1493-longest-subarray-of-1s-after-deleting-one-element.md

💡 Intuition

Given a binary array, we are to delete one element and then find the longest non-empty subarray that only contains 1's. My initial idea to solve this problem is to use the sliding window technique.

https://youtu.be/zqZ1vQg1WDM

🧠 Approach

My approach is to iterate over the array and keep a count of the zeros in our current window. If the count of zeros goes above 1, we move the left boundary of the window forward until we have at most one zero in our window. At each step, we also keep track of the maximum length of the window, which will ultimately give us the longest subarray of 1's after deleting one element.

⏲️ Complexity

• Time complexity: The time complexity of the algorithm is O(n) where n is the length of the input array. This is because we traverse the array once.

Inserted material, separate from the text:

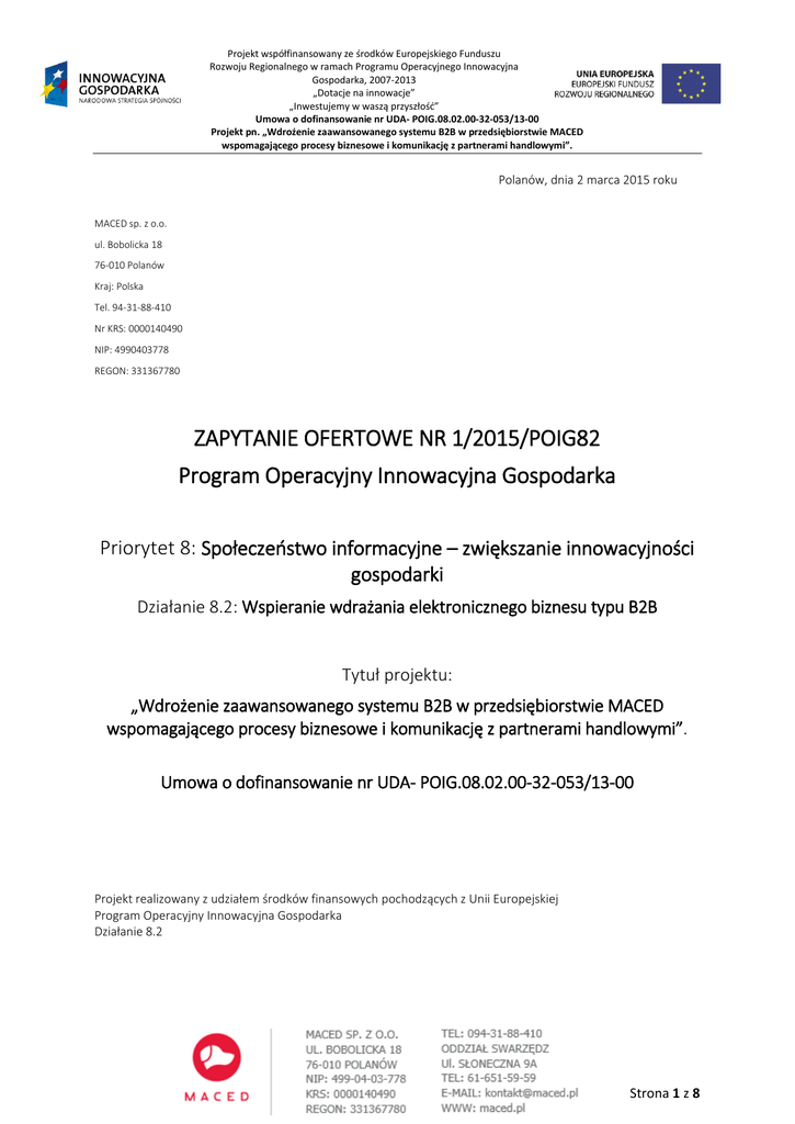 Projekt współfinansowany ze środków Europejskiego Funduszu Rozwoju Regionalnego w ramach Programu Operacyjnego Innowacyjna Gospodarka, 2007-2013 „Dotacje na innowacje” „Inwestujemy w waszą przyszłość” Umowa o dofinansowanie nr UDA- POIG.08.02.00-32-053/13-00 Projekt pn. „Wdrożenie zaawansowanego systemu B2B w przedsiębiorstwie MACED wspomagającego procesy biznesowe i komunikację z partnerami handlowymi”. Polanów, dnia 2 marca 2015 roku MACED sp. z o.o. ul. Bobolicka 18 76-010 Polanów Kraj: Polska Tel. 94-31-88-410 Nr KRS: 0000140490 NIP: 4990403778 REGON: 331367780 ZAPYTANIE OFERTOWE NR 1/2015/POIG82 Program Operacyjny Innowacyjna Gospodarka Priorytet 8: Społeczeństwo informacyjne – zwiększanie innowacyjności gospodarki Działanie 8.2: Wspieranie wdrażania elektronicznego biznesu typu B2B Tytuł projektu: „Wdrożenie zaawansowanego systemu B2B w przedsiębiorstwie MACED wspomagającego procesy biznesowe i komunikację z partnerami handlowymi”. Umowa o dofinansowanie nr UDA- POIG.08.02.00-32-053/13-00 Projekt realizowany z udziałem środków finansowych pochodzących z Unii Europejskiej Program Operacyjny Innowacyjna Gospodarka Działanie 8.2 Strona 1 z 8 Projekt współfinansowany ze środków Europejskiego Funduszu Rozwoju Regionalnego w ramach Programu Operacyjnego Innowacyjna Gospodarka, 2007-2013 „Dotacje na innowacje” „Inwestujemy w waszą przyszłość” Umowa o dofinansowanie nr UDA- POIG.08.02.00-32-053/13-00 Projekt pn. „Wdrożenie zaawansowanego systemu B2B w przedsiębiorstwie MACED wspomagającego procesy biznesowe i komunikację z partnerami handlowymi”. PO IG 8.2 ETAP nr 3 ZAPYTANIE OFERTOWE NR 1/2015/POIG82 MACED sp. z o.o. niniejszym zaprasza do składania ofert na: „Zakup usług eksperckich w ramach etapu nr 3 Projektu pn.: „Wdrożenie zaawansowanego systemu B2B w przedsiębiorstwie MACED wspomagającego procesy biznesowe i komunikację z partnerami handlowymi””, współfinansowanego ze środków Europejskiego Funduszu Rozwoju Regionalnego w ramach Programu Operacyjnego Innowacyjna Gospodarka, Działanie 8.2., Umowa o dofinansowanie nr UDA-POIG.08.02.00-32-053/1300. 1. Nazwa i adres Zamawiającego MACED sp. z o.o. ul. Bobolicka 18 76-010 Polanów Kraj: Polska Tel. 94-31-88-410 e-mail: [email protected] Nr KRS: 0000140490 NIP: 4990403778 REGON: 331367780 2. Tryb udzielania zamówienia Zamawiający nie jest zobowiązany do stosowania ustawy z dnia 29 stycznia 2004 r. Prawo zamówień publicznych (Dz. U. z 2010 r. Nr 113, poz. 759 z późn. zm.). Zamówienie nie podlega przepisom ustawy z dnia 29 stycznia 2004 r. Prawo zamówień publicznych (Dz. U. z 2010 r. Nr 113, poz. 759 z późn. zm.). jak również protestom i odwołaniom. 3. Przedmiot zamówienia Przedmiotem zamówienia jest: 1. Stworzenie specyfikacji technicznej oprogramowania komputerowego systemu – etap nr 3 (1 szt.) 2. Zakup usługi eksperckiej w zakresie stworzenia Modułu administracji i platformą B2B (1 szt.) 3. Zakup usługi eksperckiej w zakresie stworzenia Modułu serwera certyfikowanego wewnętrznego klucza prywatnego i publicznego architektury PKI (1 szt.) Strona 2 z 8 Projekt współfinansowany ze środków Europejskiego Funduszu Rozwoju Regionalnego w ramach Programu Operacyjnego Innowacyjna Gospodarka, 2007-2013 „Dotacje na innowacje” „Inwestujemy w waszą przyszłość” Umowa o dofinansowanie nr UDA- POIG.08.02.00-32-053/13-00 Projekt pn. „Wdrożenie zaawansowanego systemu B2B w przedsiębiorstwie MACED wspomagającego procesy biznesowe i komunikację z partnerami handlowymi”. 4. Zakup usługi eksperckiej w zakresie stworzenia Modułu komunikacji wewnętrznej pomiędzy Partnerami (1 szt.) 5. Zakup usługi eksperckiej w zakresie stworzenia Modułu elektronicznej wymiany danych równoważny z EDI wraz z wykorzystaniem certyfikowanego klucza wewnętrznego w celu eliminacji papierowego obiegu dokumentów (1 szt.) 6. Zakup usługi eksperckiej w zakresie stworzenia Modułu archiwizacji danych (1 szt.) 7. Zakup usługi eksperckiej w zakresie stworzenia Modułu do analizy danych dostarczonych do systemu B2B - analiza danych historycznych o partnerach i sprzedaży, trademarketingu, programie lojalnościowym (1 szt.) 8. Zakup usługi eksperckiej w zakresie stworzenia Modułu prowadzenia rozliczeń pomiędzy partnerami (1 szt.) 9. Usługi w zakresie wdrożenia komunikacji w standardzie równoważnym z EDI oraz konfiguracja interfejsów integracyjnych API (1 szt.) 10. Zakup usługi instalacji i konfiguracji oprogramowania platformy B2B oraz serwerów klucza certyfikowanego PKI, EDI i API oraz serwera dostępowego, konfiguracja rozdziału warstw aplikacji pomiędzy serwery fizyczne i ostateczne testy modułów wdrożonych w tym etapie (1 szt.) 11. Testowanie całości platformy, prace konfiguracyjne, wdrożenie i ostateczne uruchomienie platformy (1 szt.) zgodnie z Dokumentacją techniczną określoną w Załączniku 2 do niniejszego Zapytania Ofertowego oraz specyfikację techniczną oprogramowania komputerowego systemu – etap nr 2, która będzie udostępniona na żądanie oferenta. Dodatkowo: Prace w etapie 3 są wykonywane w oparciu o założenia wniosku o dofinansowanie realizacji projektu nr WND-POIG.08.02.00-32-053/13 i biznesplanu do niego, dokumentacją techniczną określoną w Załączniku 2 do niniejszego Zapytania Ofertowego a także w oparciu o szczegółowe założenia „Specyfikacji technicznej oprogramowania komputerowego systemu – etap nr 2” oraz „Specyfikacji technicznej oprogramowania komputerowego systemu – etap nr 3”. 4. Wymogi wobec wykonawcy: 1. − − Wykonawca jest zobowiązany do: zapewnienia dostępu do informacji technicznych oferowanej aplikacji B2B, udzielenia gwarancji na oferowaną aplikację, zgodnie z zasadami określonymi w Załączniku nr 2 do zapytania ofertowego; 2. Zamawiający wymaga, aby Oferent nie zalegał z opłacaniem podatków oraz składek na ubezpieczenie społeczne. Oferent, kt

• Space complexity: The space complexity of the algorithm is O(1) because we are not using any additional data structures whose size depends on the input.

📝 Code

class Solution:
    def longestSubarray(self, nums: List[int]) -> int:
        left, count_zeros, max_length = 0, 0, 0
        for right in range(len(nums)):
            if nums[right] == 0:
                count_zeros += 1
            while count_zeros > 1:
                if nums[left] == 0:
                    count_zeros -= 1
                left += 1
            max_length = max(max_length, right-left)
        return max_length

public class Solution {
    public int LongestSubarray(int[] nums) {
        int left = 0, count_zeros = 0, max_length = 0;
        for (int right = 0; right < nums.Length; ++right) {
            if (nums[right] == 0) {
                ++count_zeros;
            }
            while (count_zeros > 1) {
                if (nums[left] == 0) {
                    --count_zeros;
                }
                ++left;
            }
            max_length = Math.Max(max_length, right - left);
        }
        return max_length;
    }
}

/**
 * @param {number[]} nums
 * @return {number}
 */
var longestSubarray = function(nums) {
    let left = 0, count_zeros = 0, max_length = 0;
    for (let right = 0; right < nums.length; ++right) {
        if (nums[right] == 0) {
            ++count_zeros;
        }
        while (count_zeros > 1) {
            if (nums[left] == 0) {
                --count_zeros;
            }
            ++left;
        }
        max_length = Math.max(max_length, right - left);
    }
    return max_length;
};

public class Solution {
    public int longestSubarray(int[] nums) {
        int left = 0, count_zeros = 0, max_length = 0;
        for (int right = 0; right < nums.length; ++right) {
            if (nums[right] == 0) {
                ++count_zeros;
            }
            while (count_zeros > 1) {
                if (nums[left] == 0) {
                    --count_zeros;
                }
                ++left;
            }
            max_length = Math.max(max_length, right - left);
        }
        return max_length;
    }
}

class Solution {
public:
    int longestSubarray(vector<int>& nums) {
        int left = 0, count_zeros = 0, max_length = 0;
        for (int right = 0; right < nums.size(); ++right) {
            if (nums[right] == 0) {
                ++count_zeros;
            }
            while (count_zeros > 1) {
                if (nums[left] == 0) {
                    --count_zeros;
                }
                ++left;
            }
            max_length = max(max_length, right - left);
        }
        return max_length;
    }
};